In this recipe, the roasted garlic is key. Although the garlic needs to roast for 30 minutes, it’s totally worth the wait. Once the garlic is done, the chickpeas, miso paste, tahini, lemon juice, sea salt and oil are all added into the food processor to blend until smooth and creamy. I do give the option in the recipe to add a few tablespoons of water if you like your hummus to be on the thinner side. It’s completely a personal preference. I suggest following the recipe and then once it’s blending for a few minutes make the call to add 1 tablespoon of water or not. This hummus with roasted garlic is life-changing. All the flavours in this recipe meld together beautifully and keep you coming back from more.
Here are a few reasons why I love this hummus with roasted garlic, so listen up!
- This lemon garlic hummus is the best when made ahead of time. I like to make a batch on Sundays so that I have it throughout the week. We all know when a hangry mood takes over, we need snacks fast. This dip is great with all veggies, perfect to dip those crackers into or use as a spread on sandwiches.
- The Picky Husband loves most dips. He’s a texture guy, so if everything is blended up, he doesn’t have to worry about anything weird. He’s also a huge fan of roasted garlic, so needless to say hummus with roasted garlic is a total win.
- I love how versatile chickpeas are. They are protein-rich, high in fibre and help to improve digestion. I like them crispy in my salads, simmered in my chili, spread on my sandwiches, or blended in my hummus. They are amazing to have in your diet, even if you aren’t a vegetarian. Chickpeas know the way to my belly, and I use them a ton!
Maybe hummus is already a staple for you like it is for me. But I always get excited to try new recipes cause we all need to change things up every once in a while. If you are a fan of hummus, a fan of roasted garlic and a fan of clean ingredients, then this dairy free dip is a recipe you’ll want to try. If you’re new to plant-based living, hummus is the perfect starting point. It isn’t scary, and you most likely have tried it before. I hope this hummus with roasted garlic will be loved by all because it truly is too good to miss out on.

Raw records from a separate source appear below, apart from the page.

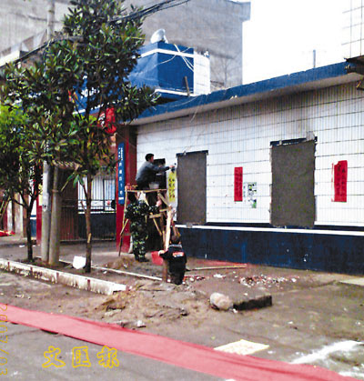 ■武警與民工在修補派出所的院牆。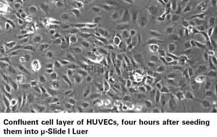 這里我們以HUVEC細胞為例,使用ibidi流體剪切力系統(tǒng)進行一個流體條件下的細胞培養(yǎng)與靜置狀態(tài)下的細胞培養(yǎng)的對比實驗。 一.實驗準備實驗材料及設(shè)備 1.細胞: HUVECs細胞系 2.培養(yǎng)基:Endothelial Cell Growth Medium(PromoCell,Germany,C-22010) 胎牛血清 3.培養(yǎng)耗材:ibidi單通道載玻片μ-Slide I0.6 Luer (ibidi,Germany,80186) 灌流管,15cm,1.6mm直徑(ibidi,Germany,10962) 封口夾 1.儀器設(shè)備:ibidi流體剪切力系統(tǒng),含空氣泵(ibidi,Germany,10905)和流體單元(ibidi,Germany,10903) 一.實驗方法 在實驗開始前一天,請將所有需要使用的試劑,培養(yǎng)基,通道載玻片,灌流管都在37℃的二氧化碳培養(yǎng)箱中放置過夜,排除由于溫度差產(chǎn)生的微量氣泡。 一.)培養(yǎng)細胞 準備HUVECs細胞系,按照常規(guī)細胞培養(yǎng)方法進行培養(yǎng)。使用比較健康的內(nèi)皮細胞,以防在做流體實驗時候細胞不能穩(wěn)定貼壁。我們建議使用內(nèi)皮細胞培養(yǎng)基+10%FCS培養(yǎng)HUVEC。使用4代以內(nèi)的HUVEC。已獲得較好的實驗結(jié)果。 按照下面流程鋪細胞: 1.將150μl的1.6 x 106 cells/ml密度的細胞懸液加入通道載玻片中,注意,將移液器頭插入注液孔中再加入細胞懸液,可以輕微傾斜通道載玻片幫助細胞懸液充滿整個通道(圖一)。 圖一:鋪細胞,將槍頭插入注液孔中再打入細胞懸液。
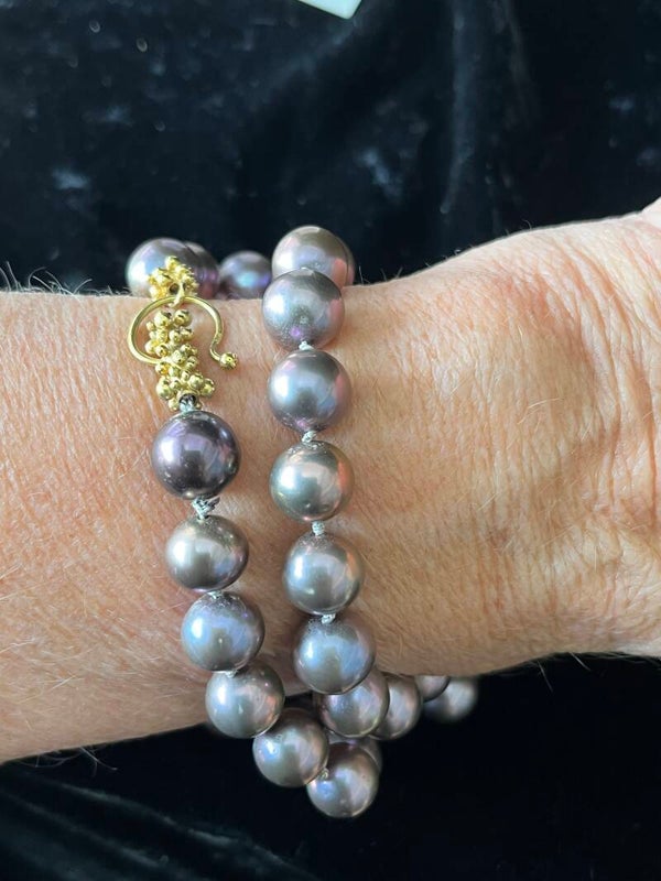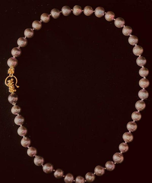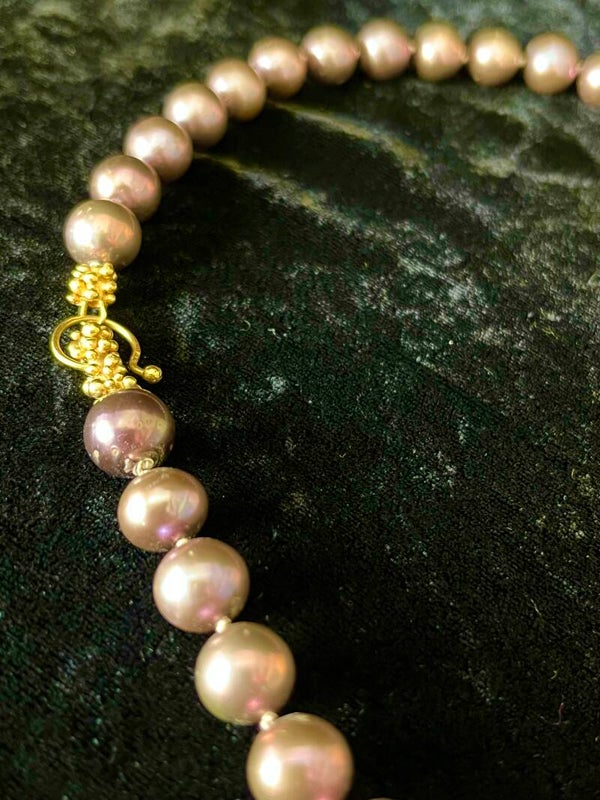 De kleur van deze zoetwaterparels is moeilijk te vangen in een foto. Het is een mix van paars en lila.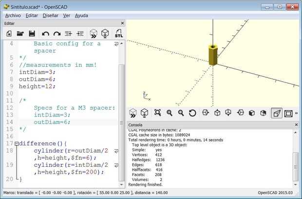 ¿Qué hacer?, decidí usar OpenSCAD, un modelador paramétrico y peso súper ligero, este código es para un separador de M3 de 12 mm de altura, cambiar las dimensiones de sus necesidades, vamos a hacerlo!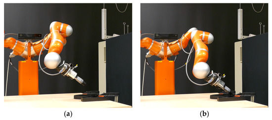- Lukić, B.; Petrič, T.; Žlajpah, L.; Jovanović, K. KUKA LWR Robot Cartesian Stiffness Control Based on Kinematic Redundancy. In Advances in Service and Industrial Robotics. RAAD 2019. Advances in Intelligent Systems and Computing; Springer: Cham Germany, 2019. [Google Scholar] [CrossRef]

hummus with roasted garlic
- 2 heads garlic (to be roasted)
- 1-2 tsp avocado oil (to be drizzled on top)
- 1 1/2 cups chickpeas
- 1 tbsp brown rice miso paste
- 1/2 cup tahini
- juice of 1/2 lemon
- pinch sea salt
- 2 tbsp olive oil
- 2-3 tbsp filtered water (to thin)
- Preheat the oven to 400ºF. Begin by cutting off the tops of your garlic heads so that the top of the cloves are exposed. Leave on the paper that surrounds the garlic. Drizzle 1-2 tsp of oil on top of the exposed garlic and then wrap the garlic in aluminum foil. Place on a baking sheet (exposed tops facing up) and bake for 30-40 minutes, until garlic is soft.
- Once the roasted garlic is done, set it aside to cool while you assemble the rest of the hummus ingredients.
- Drain and rinse the chickpeas (if using from a can). Add the chickpeas, tahini, miso paste, lemon juice, salt and oil to a food processor. Blend until smooth. This may take a few minutes. Add 1-3 Tbsp of water at a time until your desired thickness forms. Add the roasted garlic to the hummus, by moving your fingers from the base of the garlic clove up to the top. The clove should just pop out. Add each clove to the hummus (skins of the garlic removed).
- Blend the hummus until smooth. Top with a dash of oil and pepper. Enjoy right away or store in a sealed container for a week.